Prove XOR is commutative and associative?

Question

Through the use of Boolean algebra, show that the XOR operator ⊕ is both commutative and associative.

I know I can show using a truth table. But using boolean algebra? How do I show? I totally have no clue. Any help please?

Answer 1

I use $\cdot$ to denote AND and $+$ to denote OR. $a \oplus b$ is given by $a\cdot\bar{b}+b\cdot\bar{a}$. Do you see why? Do you see why this is commutative?

For associativity, you want to show that $(a \oplus b) \oplus c=a \oplus (b \oplus c)$. The left side expands as

$$(a \oplus b)\cdot\bar{c}+\overline{(a \oplus b)}\cdot c$$ $$(a\cdot\bar{b}+b\cdot\bar{a})\cdot\bar{c}+\overline{(a\cdot\bar{b}+b\cdot\bar{a})}\cdot c$$

Use the rules of boolean algebra (Demorgan's Laws, Distributive laws etc.) to expand this out. Then do the same for the other side, and show the expansions are equal.

Answer 2

An intuitive way of understanding why XOR is associative is as follows:

First recognize that XOR is commutative, that is, $a \oplus b = b \oplus a$. This can be done using a truth table or as in Robert Mastragostino's answer.

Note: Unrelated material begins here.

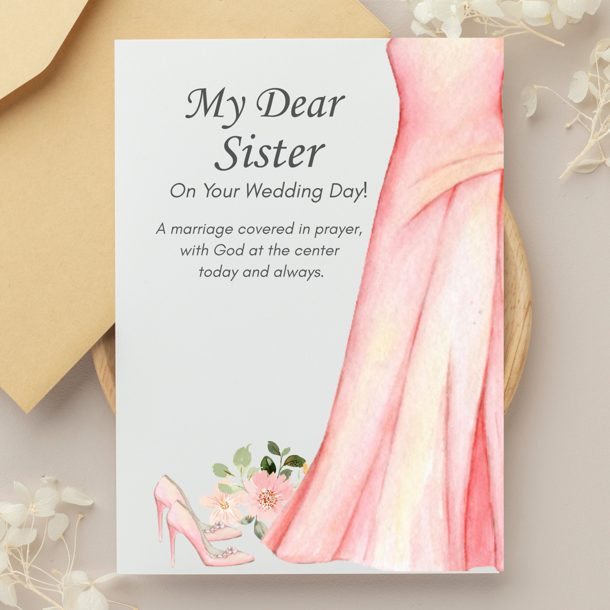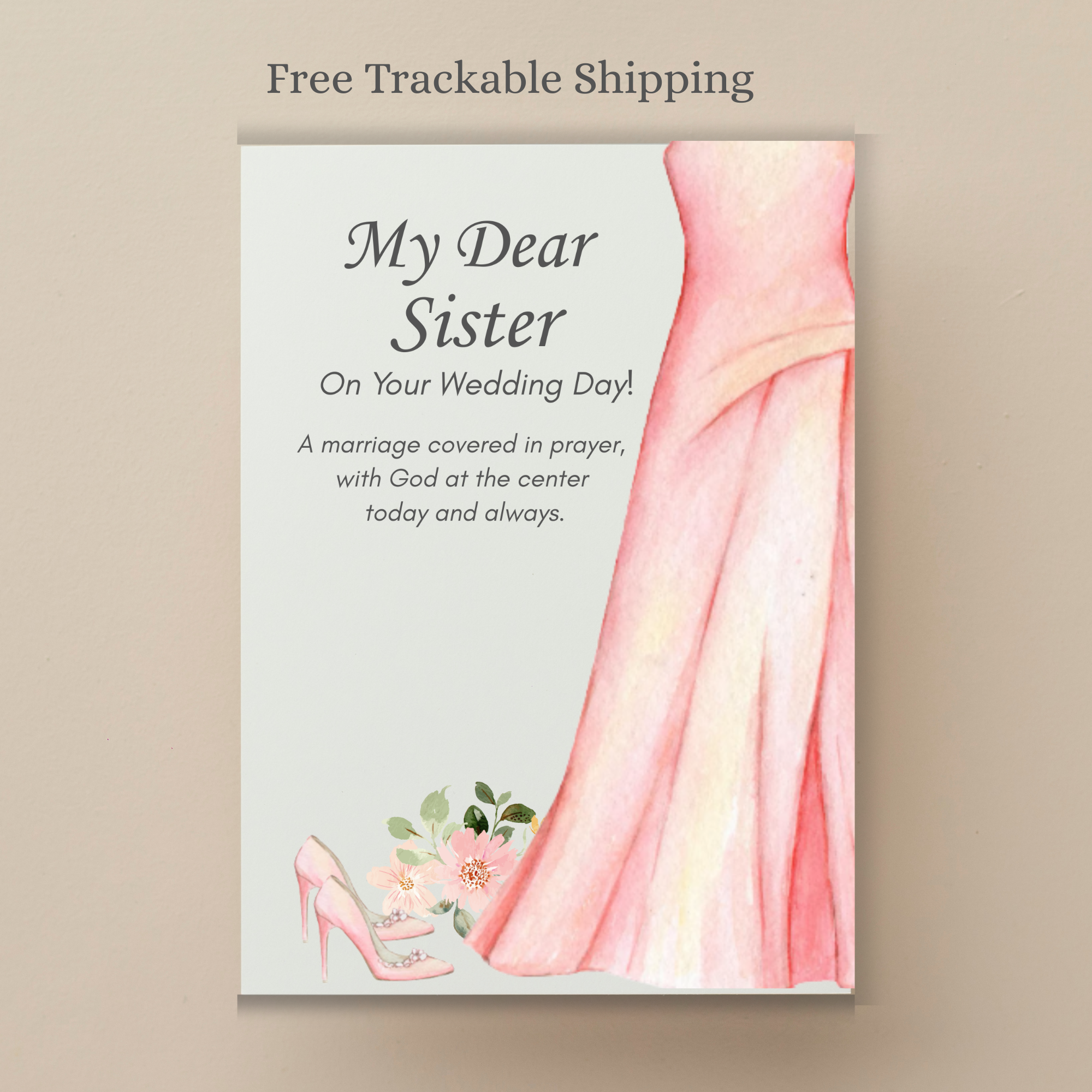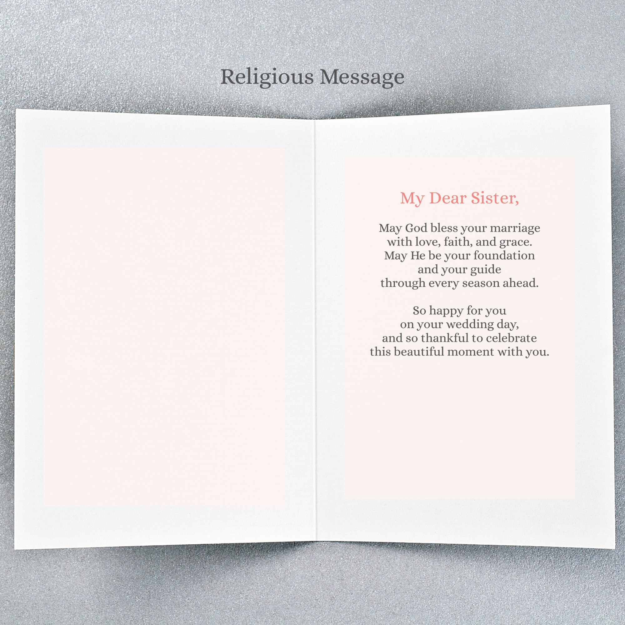Celebrate your sister's wedding day with a meaningful, faith-based keepsake card written from the heart.

Then, think of the XOR operator as a 'conditional flip' operator, that is think of $a \oplus b$ as saying if $a$ is 1, take flipped $b$ as the output, while if $a$ is 0, take $b$ as the output. Because of the commutative property, $a \oplus b$ is completely equivalent to $b \oplus a$ which says that $b$ conditionally flips $a$.

Now consider $a \oplus (b \oplus c)$. This is saying that $b$ conditionally flips $c$, the result of which is itself conditionally flipped by $a$. Because of the nature of the flipping operation, ultimately $c$ is conditionally flipped by both $b$ and $a$, and it doesn't matter in which order these two flip operations are performed. Because of this, it is seen that $a \oplus (b \oplus c)$ is equivalent to $b \oplus (a \oplus c)$.

Finally, by using commutativity, one can write $a \oplus (b \oplus c) = (b \oplus c) \oplus a$, which was just showed to be equivalent to $b \oplus (a \oplus c)$, itself equivalent to $b \oplus (c \oplus a)$ by commutativity.

Therefore, $(b \oplus c) \oplus a = b \oplus (c \oplus a)$ which proves associativity.

Answer 3

An intuitive way to convince yourself that $\oplus$ is associative is the following. (Note: we're not really proving it through rigid algebra here - but I think it's a very intuitive argument and shows another nice way to look at $\oplus$.)

Let's first have a look at the truth table again: \begin{array}{cc|c} x & y & x\oplus y\\ \hline 0 & 0 & 0\\ 0 & 1 & 1\\ 1 & 0 & 1\\ 1 & 1 & 0\\ \end{array} Commutativity: From the truth table, we can easily convince us that we may commute the arguments. Since in any case, commuting it will give us the same result.

Associativity: Further, we see from the truth table we can see that we may rewrite $x\oplus y$ as a predicate and an addition: $$ x\oplus y \quad\Longleftrightarrow \quad \text{odd}(x+y) $$ Now using this way of rewriting the $\oplus$, we can easily see that $\oplus$ is associative. $$ \begin{align*} x\oplus (y\oplus z) &\Longleftrightarrow \text{odd}(x+\text{odd}(y+z))\\ &\Longleftrightarrow \text{odd}(x+y+z)\\ &\Longleftrightarrow \text{odd}(\text{odd}(x+y)+z)\\ &\Longleftrightarrow (x\oplus y)\oplus z \end{align*} $$

Answer 4

I assume you are given a definition of $\oplus$ in terms of $\vee$ and $\wedge$ such as $a \oplus b = (a \wedge \neg b) \vee (\neg a \wedge b)$ or $a\oplus b = (a\vee b) \wedge \neg(a \wedge b)$. You have to show $a \oplus b = b \oplus a$ and $a \oplus (b \oplus c) = (a \oplus b) \oplus c$ using the rules for $\vee$ and $\wedge$. For example you could use the commutativity and associativity of $\vee$ and $\wedge$, the distributive laws or De Morgan's laws (see here for a complete list of such laws). The commutativity is straightforward, the associativity is an easy but rather lengthy computation. A standard procedure would be to put both sides of $a \oplus (b \oplus c) = (a \oplus b) \oplus c$ into conjunctive or disjunctive normal form and then compare.

Answer 5

Write the xor operator in terms of the standard Boolean algebra operators (and, or, not), and then use the properties of Boolean algebras to show that xor is commutative and associative.